• **Problem**
Print only the lines from the top of the data through the line with "La red pública", both included, skipping every picture.

• **Data excerpt**
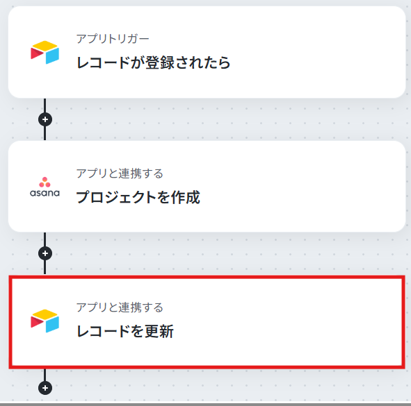 最後に、ステップ4で作成したAsanaのプロジェクトIDをAirtableのレコードに更新するための設定をおこないます。
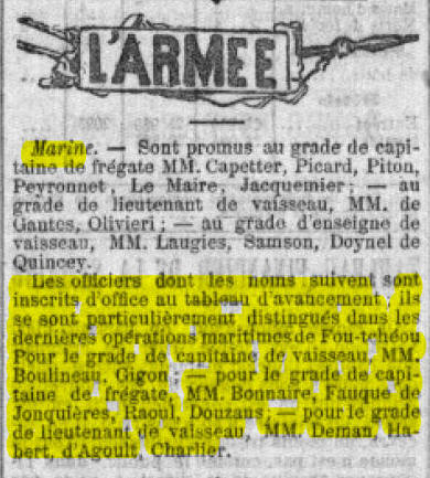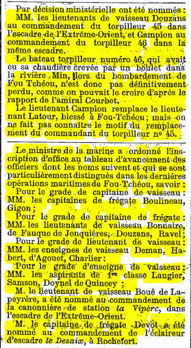 (nomination du 21 juillet 1883), commandant le torpilleur N°45,
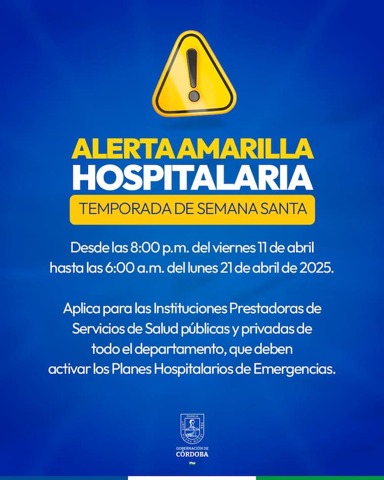 La red pública hospitalaria del departamento de Córdoba, debido a la temporada de Semana Santa que inicia hoy con la celebración de Domingo de Ramos, está en alerta amarilla. Así se mantendrá hasta las 6:00 de la mañana del lunes 21 de abril.
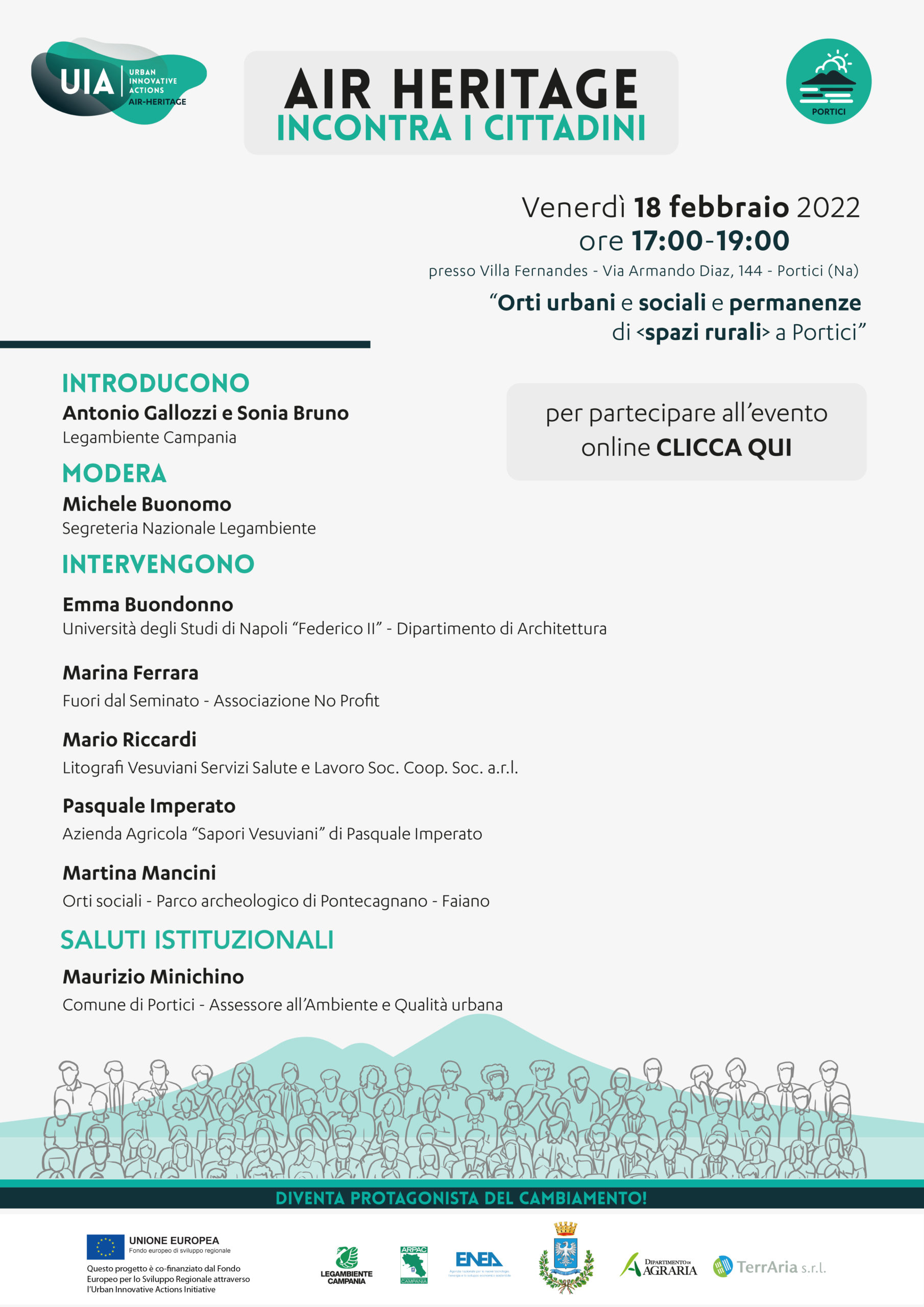 Il 18 febbraio, nell’ambito del ciclo di incontri AIR HERITAGE INCONTRA I CITTADINI, organizzati da Legambiente Campania con i suoi partners, dialogheremo con Enti del terzo settore, Aziende ed Istituzioni sul tema degli Orti sociali ed urbani e degli “spazi rurali”, sopravvissuti nel fitto tessuto urbano di Portici, in risposta alla richiesta di aree verdi coltivabili pervenuta, anche attraverso lo strumento delle Mappe partecipate, da parte dei suoi cittadini, che ci auguriamo si colleghino in tanti anche per un proficuo confronto.

• **Solution below**
 最後に、ステップ4で作成したAsanaのプロジェクトIDをAirtableのレコードに更新するための設定をおこないます。
 (nomination du 21 juillet 1883), commandant le torpilleur N°45,
 La red pública hospitalaria del departamento de Córdoba, debido a la temporada de Semana Santa que inicia hoy con la celebración de Domingo de Ramos, está en alerta amarilla. Así se mantendrá hasta las 6:00 de la mañana del lunes 21 de abril.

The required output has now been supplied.